By far the most prominent form of generative AI now, and likely for the foreseeable near future given the dominance of language in most human interactions that we would associate with any kind of intelligence (and certainly for the majority of scholarly research), is the Large Language Model (LLM). The basic idea behind LLMs is fairly simple to grasp: for any given text, what is the likely text that would follow it, given the word associations in the training dataset? This Medium article illustrates the basic concept (though in an extremely simplified way). GAIR_Token_Prediction GPT4 was trained on almost all the public text on the internet (speculated to be in the trillions of words), and the primary objective was to predict the next sequence of words as well as it can. In order to be able to achieve effective prediction, it has to somehow internalise a representation of the human world, which confers an advanced – though still limited and in many ways alien – understanding ability, emerging mostly from the correlations in text it has been trained on. In a sense, the text itself can be considered a limited projection of the world and by implication of humanity. A fascinating report published by Anthropic in 2024 entitled "Mapping the mind of a large language model”, offers promising early insights into how LLMs create their own internal abstractions which ‘fire’ in relevant sections of text.

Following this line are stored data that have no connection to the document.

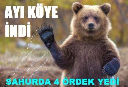 Dörtdivan Yayalar Köyünün sahurda davetsiz misafiri vardı. İki metre boyundaki ayı Yayalar Köyüne inerek, kümes bastı kümes de bulunan ördeklerden dördünü yedi. Fark edilen ayı gürültü üzerine geldiği yoldan dağa kaçtı.
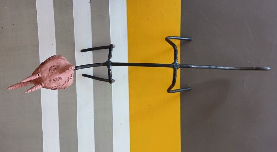 Davit Nava, Jackson chameleon, 2015, iron structure, post-use plastic bags, used clothing with white glue, acrylic on clay, crystal beads, 18.9 x 7.0 x 6.6 in / 48 x 18 x 17 cm
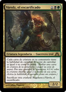 | Rules | Each creature card in your graveyard has scavenge. The scavenge cost is equal to its mana cost. (Exile a creature card from your graveyard and pay its mana cost: Put a number of +1/+1 counters equal to that card's power on target creature. Scavenge only as a sorcery.) Sacrifice another creature: Regenerate Varolz, the Scar-Striped. |
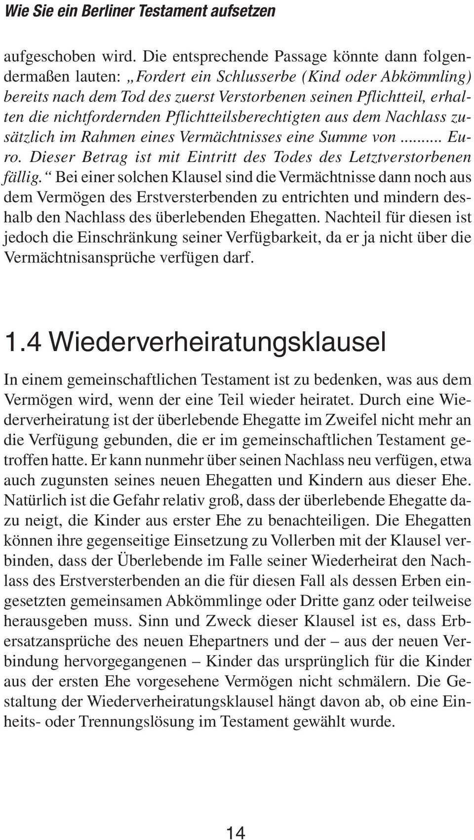 Berliner testament wiederverheiratungsklausel muster. Vor und nacherbe und pflichtteilsklausel muster. Die kinder gehen dabei zunächst leer aus. Wurde im testament die trennungslösung vereinbart kann der zuerst versterbende ehepartner verfügen dass ausschließlich die gemeinsamen kinder und nicht der partner erben sollen. 3 testamentsgestaltung x.
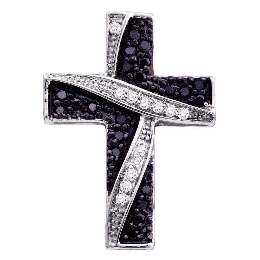14k White Gold Black Color Enhanced Diamond Cross Crucifix Womens Charm Pendant 1/4 Cttw

GAIR_Anthropic_LLM_Abstractions

While these insights represent exciting and critically important early steps for long term human-AI value alignment, advanced LLMs are still much too complex and advanced to provide the kind of explainability or audit trail many AI regulations have required. The fundamentally stochastic and unpredictable nature of LLM outputs also means strict research reproducibility is difficult to achieve beyond very simple tasks such as classifications with clear rules and boundaries.

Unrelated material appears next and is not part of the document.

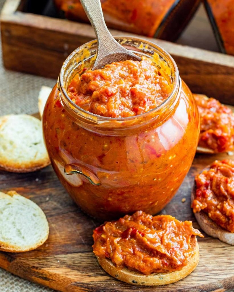La zacuscă è una crema spalmabile a base di melanzane, peperoni arrostiti, cipolla e pomodoro, che si consuma fredda con pane fresco e generalmente come antipasto.
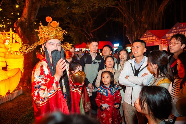 同时,景区每日推出40余项非遗体验与民俗演艺,拓印、内画、剪影等非遗体验让无数游客流连忘返,藏族《弦子舞》非遗歌舞、《陕北说书》民间曲艺等表演更是精彩连连。夜幕降临后,53万㎡非遗灯海点亮园区,40余组大型非遗主题灯组与故宫文化IP“灯光里的中国”灯组共同构成新年光影盛宴,使传统文化以更年轻、更具视觉张力的方式被游客重新感知。

A useful way to think about LLMs is to treat them as a well-read, confident and eager-to-please intern or colleague on their first day on the job, who often misunderstands and gets things wrong. They are not deterministic machines. What they excel at is in producing simulated, plausible-looking text, which is a remarkable technological breakthrough but it doesn’t by itself make them a valid or reliable source of knowledge about the world. Plausible looking text outputs are often correct, and with the new Chain of Thought paradigm (see next section) and better, more agentic search capabilities, they have been improving at being correct more consistently, so it’s forgivable if people accept its outputs at face value. But LLMs can and do produce incongruous so-called ‘hallucinations’.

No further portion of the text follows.